Although the inclusion of overflow checking might seem like a minor implementation detail, a painful debugging experience made me realize that this was a useful feature. As one of my early programming experiments in Python, I tried to implement a simple mathematical algorithm, the computation of “Meertens numbers”, a bit of recreational mathematics invented by Richard Bird for the occasion of ABC’s primary author’s 25ths anniversary at CWI. The first few Meertens numbers are small, but when translating the algorithm into code I hadn’t realized that the intermediate results of the computation are much larger than 32 bits. It took a long and painful debugging session before I discovered this, and I decided there and then to address the issue by checking all integer operations for overflow, and raising an exception whenever the result could not be represented as a C long. The extra cost of the overflow check would be dwarfed by the overhead I was already incurring due to the implementation choice of allocating a new object for the result.
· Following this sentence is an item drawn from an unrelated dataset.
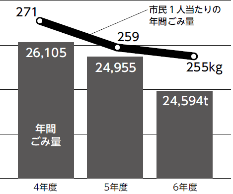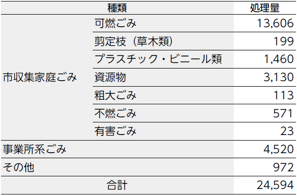 6年度にクリーンセンターで処理したごみの量は、2万4594トンでした(表1)。5年度と比べ361トン(約1・4%)減少しました。
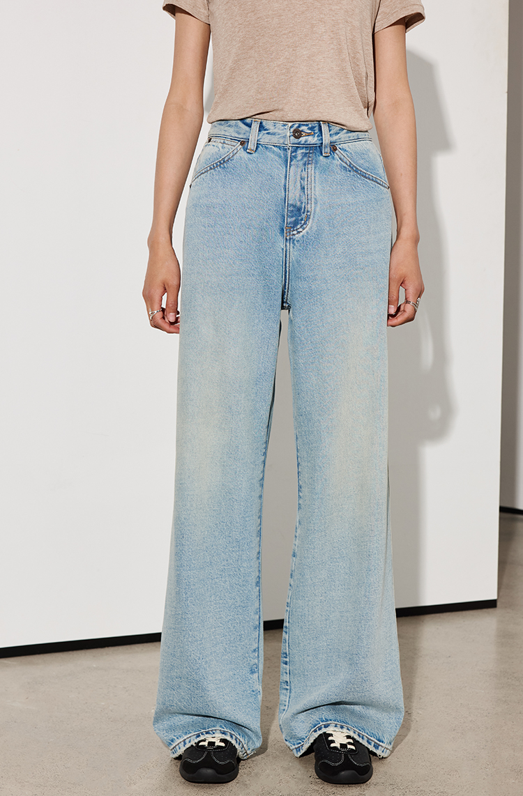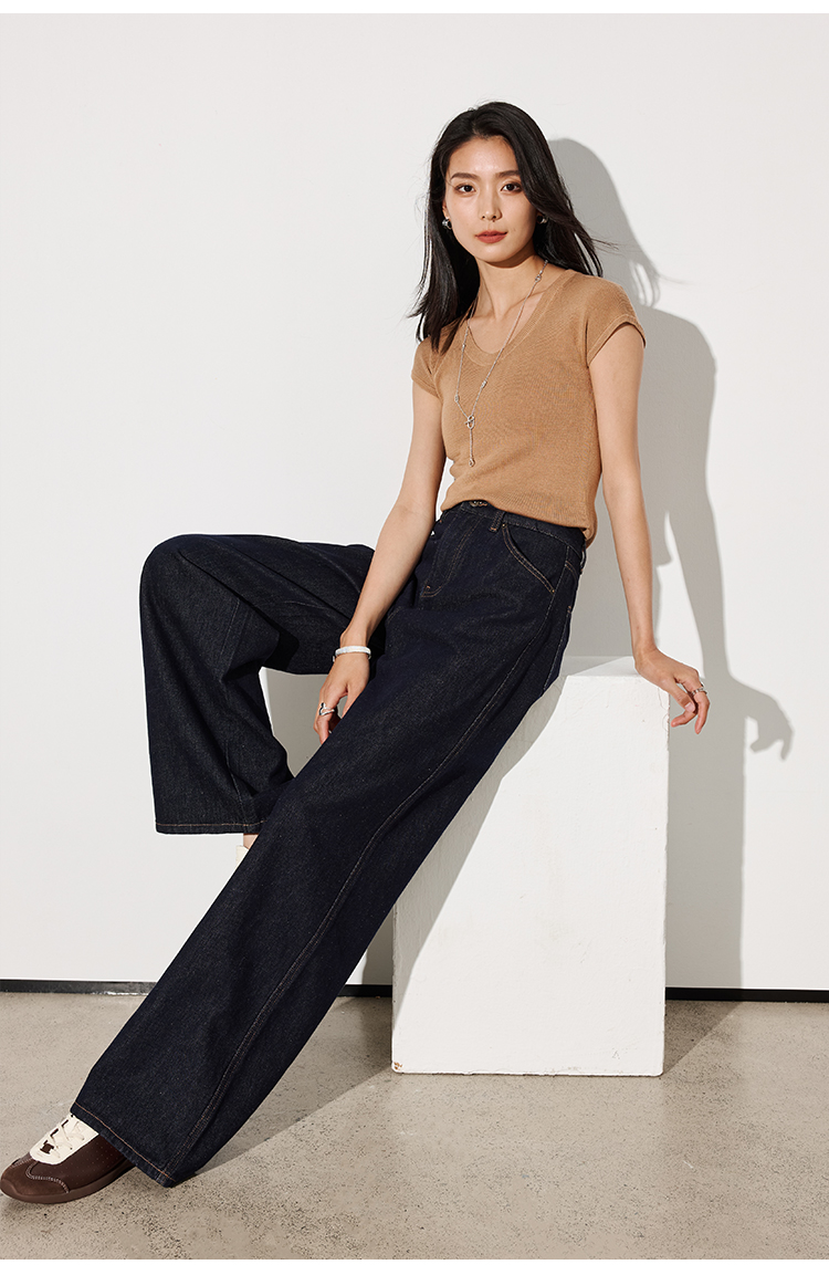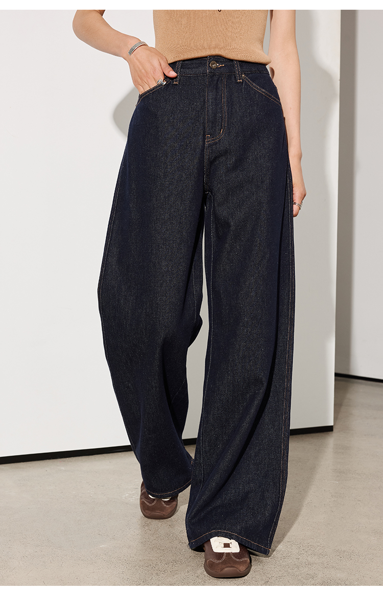 DENYBULES美式一体植绒直筒牛仔拖地裤

Sadly, I'm sorry to say that raising an overflow exception was not really the right solution either! At the time, I was stuck on C’s rule “operations on numeric type T return a result of type T”. This rule was also the reason for my other big mistake in integer semantics: truncating the result of integer division, which I will discuss in a later blog post. In hindsight, I should have made integer operations that overflow promote their result to longs. This is the way that Python works today, but it took a long time to make this transition.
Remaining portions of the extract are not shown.